REQUIREMENT — Restate word for word the lines of the entries below, starting with the line that holds "burgbad Eqio Waschtischkombination" and ending with the line that holds "وجاء في التقرير", and no others.

RECORDS SUPPLIED below:

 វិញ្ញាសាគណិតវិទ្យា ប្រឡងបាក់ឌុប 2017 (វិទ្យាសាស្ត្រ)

End of RECORDS SUPPLIED.
RECORDS SUPPLIED below:

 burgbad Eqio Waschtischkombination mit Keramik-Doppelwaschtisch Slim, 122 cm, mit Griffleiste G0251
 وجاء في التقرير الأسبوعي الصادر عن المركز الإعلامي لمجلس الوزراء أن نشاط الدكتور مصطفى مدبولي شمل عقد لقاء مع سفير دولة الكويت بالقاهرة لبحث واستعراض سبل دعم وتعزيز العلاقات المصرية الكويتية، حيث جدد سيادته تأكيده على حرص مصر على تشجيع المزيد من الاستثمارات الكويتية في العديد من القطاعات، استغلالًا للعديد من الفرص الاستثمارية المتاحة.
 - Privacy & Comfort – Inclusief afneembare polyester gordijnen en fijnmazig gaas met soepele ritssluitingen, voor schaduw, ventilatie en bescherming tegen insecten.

End of RECORDS SUPPLIED.

WRITTEN REPLY —
 burgbad Eqio Waschtischkombination mit Keramik-Doppelwaschtisch Slim, 122 cm, mit Griffleiste G0251
 وجاء في التقرير الأسبوعي الصادر عن المركز الإعلامي لمجلس الوزراء أن نشاط الدكتور مصطفى مدبولي شمل عقد لقاء مع سفير دولة الكويت بالقاهرة لبحث واستعراض سبل دعم وتعزيز العلاقات المصرية الكويتية، حيث جدد سيادته تأكيده على حرص مصر على تشجيع المزيد من الاستثمارات الكويتية في العديد من القطاعات، استغلالًا للعديد من الفرص الاستثمارية المتاحة.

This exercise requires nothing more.